§ DATA PROVIDED:
• • • • •

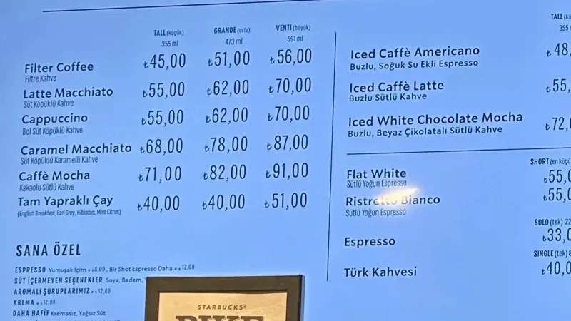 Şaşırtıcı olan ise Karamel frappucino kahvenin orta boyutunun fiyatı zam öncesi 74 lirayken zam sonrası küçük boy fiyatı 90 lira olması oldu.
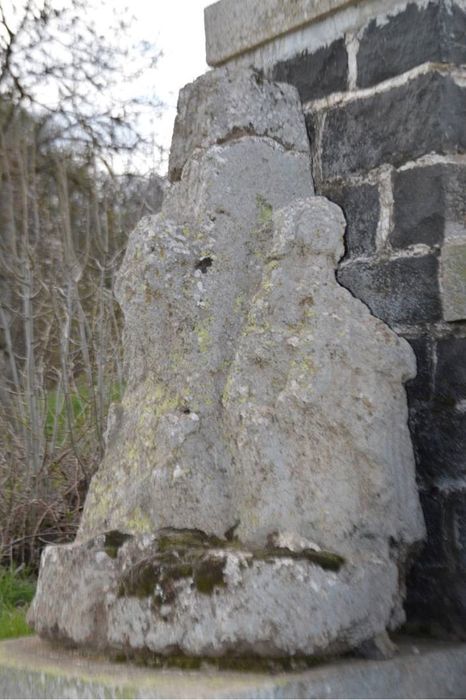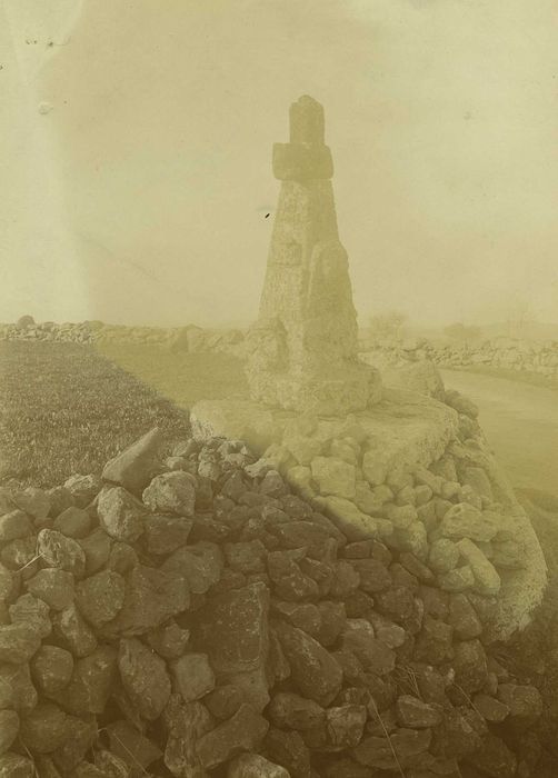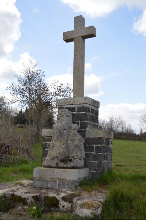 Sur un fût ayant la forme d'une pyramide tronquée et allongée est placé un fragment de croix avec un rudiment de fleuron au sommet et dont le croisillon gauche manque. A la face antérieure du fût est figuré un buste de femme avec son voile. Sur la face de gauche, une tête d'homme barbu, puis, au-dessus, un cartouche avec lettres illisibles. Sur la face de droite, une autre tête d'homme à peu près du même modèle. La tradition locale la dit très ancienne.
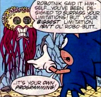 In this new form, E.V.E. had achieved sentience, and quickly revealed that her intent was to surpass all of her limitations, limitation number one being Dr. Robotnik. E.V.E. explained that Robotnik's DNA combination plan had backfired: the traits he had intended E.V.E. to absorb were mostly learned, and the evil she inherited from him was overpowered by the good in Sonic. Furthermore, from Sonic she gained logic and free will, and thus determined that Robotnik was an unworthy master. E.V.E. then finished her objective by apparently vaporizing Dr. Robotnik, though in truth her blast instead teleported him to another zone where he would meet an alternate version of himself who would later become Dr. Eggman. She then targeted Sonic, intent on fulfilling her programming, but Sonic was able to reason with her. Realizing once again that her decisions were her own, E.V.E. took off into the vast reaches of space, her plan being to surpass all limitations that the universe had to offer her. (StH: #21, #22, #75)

• • • • •

§ TO DO: An exact transcription of the material is required, without any pictures.

§ ANSWER SPACE:
 Şaşırtıcı olan ise Karamel frappucino kahvenin orta boyutunun fiyatı zam öncesi 74 lirayken zam sonrası küçük boy fiyatı 90 lira olması oldu.
 Sur un fût ayant la forme d'une pyramide tronquée et allongée est placé un fragment de croix avec un rudiment de fleuron au sommet et dont le croisillon gauche manque. A la face antérieure du fût est figuré un buste de femme avec son voile. Sur la face de gauche, une tête d'homme barbu, puis, au-dessus, un cartouche avec lettres illisibles. Sur la face de droite, une autre tête d'homme à peu près du même modèle. La tradition locale la dit très ancienne.
 In this new form, E.V.E. had achieved sentience, and quickly revealed that her intent was to surpass all of her limitations, limitation number one being Dr. Robotnik. E.V.E. explained that Robotnik's DNA combination plan had backfired: the traits he had intended E.V.E. to absorb were mostly learned, and the evil she inherited from him was overpowered by the good in Sonic. Furthermore, from Sonic she gained logic and free will, and thus determined that Robotnik was an unworthy master. E.V.E. then finished her objective by apparently vaporizing Dr. Robotnik, though in truth her blast instead teleported him to another zone where he would meet an alternate version of himself who would later become Dr. Eggman. She then targeted Sonic, intent on fulfilling her programming, but Sonic was able to reason with her. Realizing once again that her decisions were her own, E.V.E. took off into the vast reaches of space, her plan being to surpass all limitations that the universe had to offer her. (StH: #21, #22, #75)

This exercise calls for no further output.